In a way, while Dupin does need to get out of the house to solve the crimes in his three stories, this trilogy emphasizes the basic science of detection, while the stories of Holmes focus more on applied science, and so they are complementary.

Finally, a remark of what Dr. Bell says in a foreword for A Study in Scarlet, informing before it that this doctor was one of Conan Doyle’s medicine professors and it could be said that he was the real Sherlock Holmes, as he impressed Doyle profoundly (Ver en Wikisource) (as well as he could be a real version of dr House, the twenty first century Sherlock Holmes of medicine fiction):


https://en.wikipedia.org/wiki/Joseph_Bell

Says dr Bell:

He [Doyle] makes him [Holmes] explain to the good Watson the trivial, or apparently trivial, links in his chain of evidence.

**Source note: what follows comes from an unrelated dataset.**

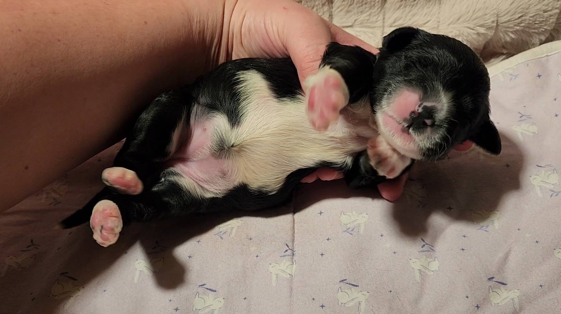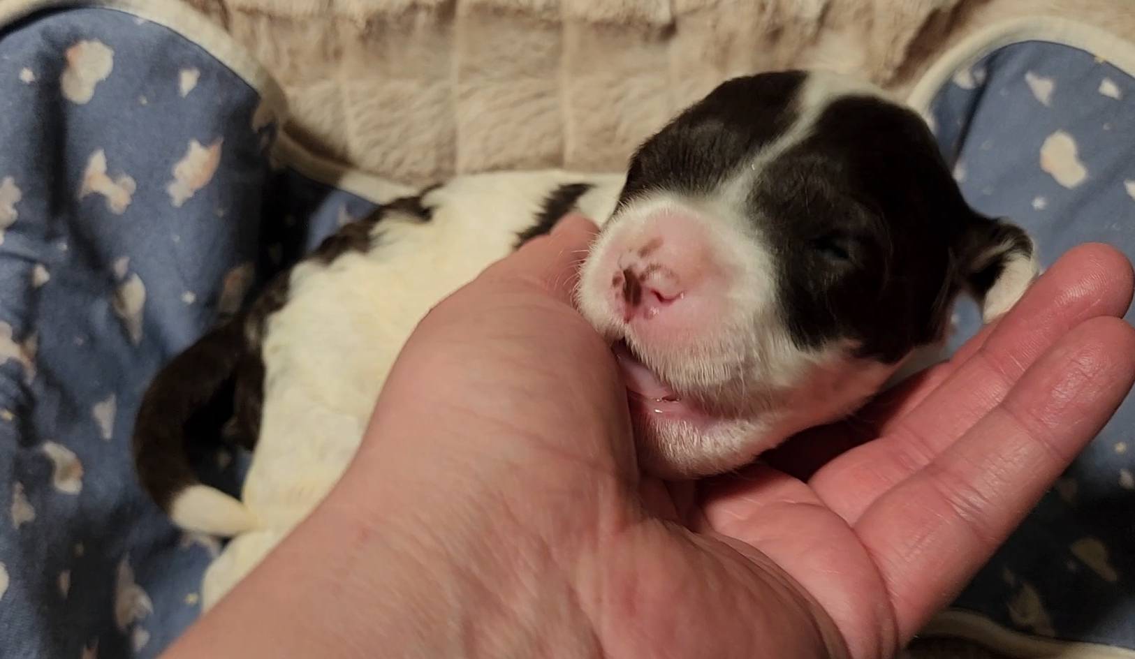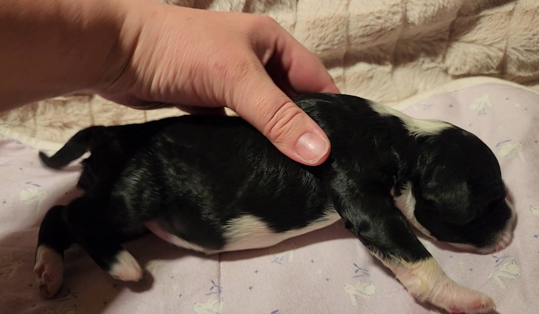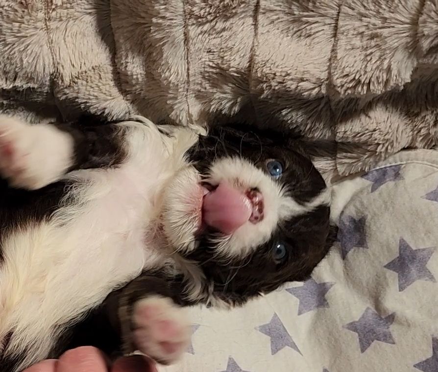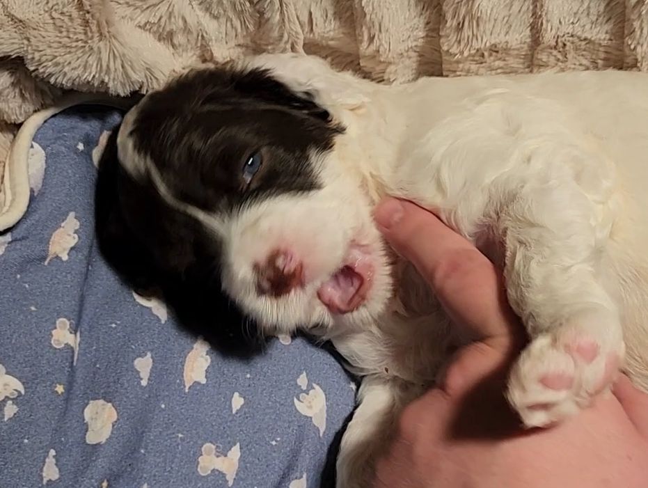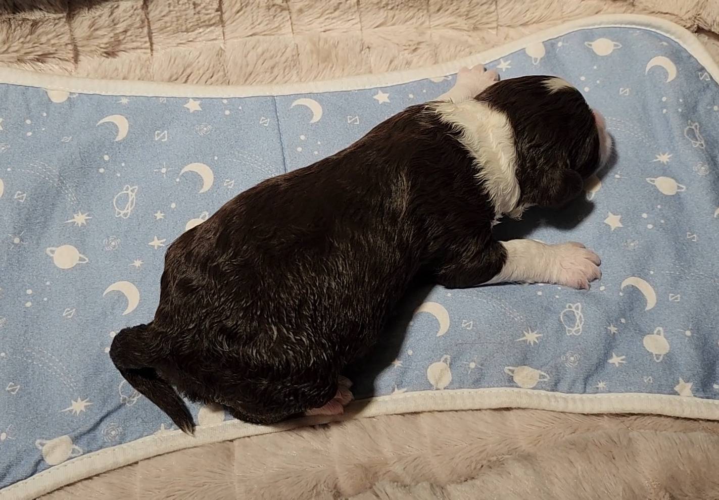 Born on 11/22, 2025, at 1:24pm, this boy is our only black parti puppy! He's a very handsome layout, in my opinion, reminds me a tuxedo with buttons so far, quite dashing (in my opinion). We're accustomed to pups being 'born in pairs,' followed by a bit more of a break, so to have him come in less than 20 minutes later was a welcome surprise - this his brother outdid him. This little boy, our only black parti coat, weighted in at 9.9oz.

These are at once so obvious when explained, and so easy, once you know them, that the ingenuous reader at once feels, and says to himself, I also could do this; life is not so dull after all; I will keep my eyes open, and find out things.

And Bell also praises correctly Doyles’ writing abilities:

He has had the wit to devise excellent plots, interesting complications; he tells them in honest Saxon-English with directness and pith; and above all his other merits, his stories are absolutely free from padding. He knows how delicious brevity is, how everything tends to be too long, and he has given us stories that we can read at a sitting between dinner and coffee, and we have not a chance to forget the beginning before we reach the end.

Two more points:

One, I share with you an unprovable hypothesis: I think likely that, while Sherlock Holmes was already a big phenomenon by the time of his match against professor Moriarty, his epic death in this great short story was a tremendous push to increase his popularity even more and consolidate it because the uproar (whether or not people used black ribbons in the streets afterwords) would have call the attention of people who had not read it yet. It would have caused curiosity on why the death of a fictional detective was of such impact, as well as, years later, why there was a bunch of people waiting in line in the street to obtain a new novel of Sherlock Holmes (The Hound of the Baskervilles).

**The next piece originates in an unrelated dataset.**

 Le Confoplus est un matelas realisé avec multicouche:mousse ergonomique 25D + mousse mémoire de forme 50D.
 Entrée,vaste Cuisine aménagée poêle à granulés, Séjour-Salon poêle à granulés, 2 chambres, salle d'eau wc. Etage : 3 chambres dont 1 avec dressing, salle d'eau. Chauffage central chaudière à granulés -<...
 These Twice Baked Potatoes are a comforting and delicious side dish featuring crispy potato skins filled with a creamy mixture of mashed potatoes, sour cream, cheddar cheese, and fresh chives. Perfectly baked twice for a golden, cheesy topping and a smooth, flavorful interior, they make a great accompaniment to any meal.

Two, in 1911 Ronald Knox gave a conference at the Trinity College of Oxford conceptualizing what he called “The game”, consisting of pretending that Sherlock Holmes was a real person and explain from there inconsistencies or hollows in the stories, and as there are several of them because Conan Doyle cared about the dramatic effect but did not dwell much on details, this game is a very amusing one to entertain the fans.

¿Have you read the Sherlock Holmes stories?